We've heard this objection many times over the years. When we ask people why they think memory consumption is so huge, we usually get a familiar narrative about the basic application of adjoint AD, and yes, these can consume a lot of memory.
But is that always the case? Is it that difficult to keep memory usage down when using AD? Or is that a myth?
At NAG, we have applied our tool, dco/c++, to many quant libraries and have shown many times that it is very efficient in memory usage. dco/c++ handles arbitrary C++ codes with ease: it imposes no restrictions on form or behaviour. The interface is flexible and provides all the bits and pieces that make it easy to integrate advanced AAD techniques to reduce memory usage arbitrarily. This means dco/c++ can easily handle Monte Carlo, PDE solvers, calibration codes, curve building, analytic and semi-analytic pricing of all flavours, root finders and fixed-point iterators, linear algebra and regression, while in each case allowing users to exploit structure to optimize memory use and runtime.
If you need to compute many sensitivities, AAD is the method of choice. It can be hugely faster than finite differences methods (a.k.a. bumping). The performance of AAD is measured by the ratio (adjoint runtime) / (original runtime). With dco/c++, we observe adjoint factors between 1.1 and 20. This factor is independent of the number of sensitivities you need - it could be thousands or millions!

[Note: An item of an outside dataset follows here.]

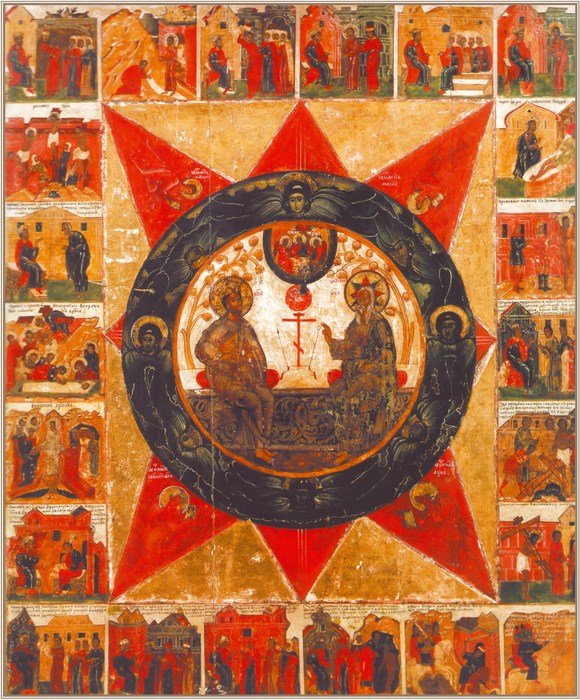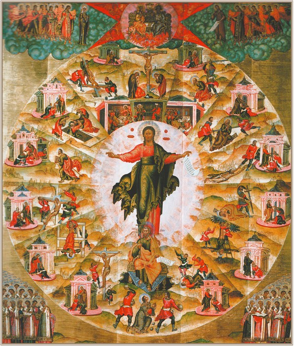 В древнерусском храме не одни церковные главы, самые своды и сводики над наружными стенами, а также стремящиеся кверху наружные орнаменты зачастую принимают форму луковицы. Иногда эти формы образуют как бы суживающуюся кверху пирамиду луковиц. В этом всеобщем стремлении ко кресту все ищет пламени, все подражает его форме, все заостряется в постепенном восхождении. Но только достигнув точки действительного соприкосновения двух миров у подножия креста, это огненное искание вспыхивает ярким пламенем и приобщается к золоту небес. В этом приобщении – вся тайна того золота иконописных откровений, о котором мы уже достаточно говорили: ибо один и тот же дух выразился в древней церковной архитектуре и живописи.

This seems like magic if you think about your model the way you usually do, from the inputs to the outputs, but AAD does it the other way around, it runs from the outputs to the inputs. To be able to do that and get these immense speedups, the AD tool needs to be able to reverse the flow of information in your application. Basically, this relies on recording the computation, i.e. holding an image of your application and of all operations in memory, and stepping through that recording in reverse order. dco/c++ uses optimized data structures, i.e. a heavily compressed image by default. We've compared dco/c++ to other tools (see the chart below). The vertical axis shows memory use relative to dco/c++ while the horizontal axis is a series of small test codes. The most interesting data points are perhaps "comiso" (a code with a very large amount of floating-point computations), "libor" (Mike Giles' Libor Monte Carlo code), "Monte Carlo" (a mockup of a 1D local volatility model using Padé approximants rather than cubic splines) and "1D PDE" (a Crank-Nicholson scheme to solve the same local volatility model). The behaviour of AD tools depends quite strongly on the specifics of the code they are applied to.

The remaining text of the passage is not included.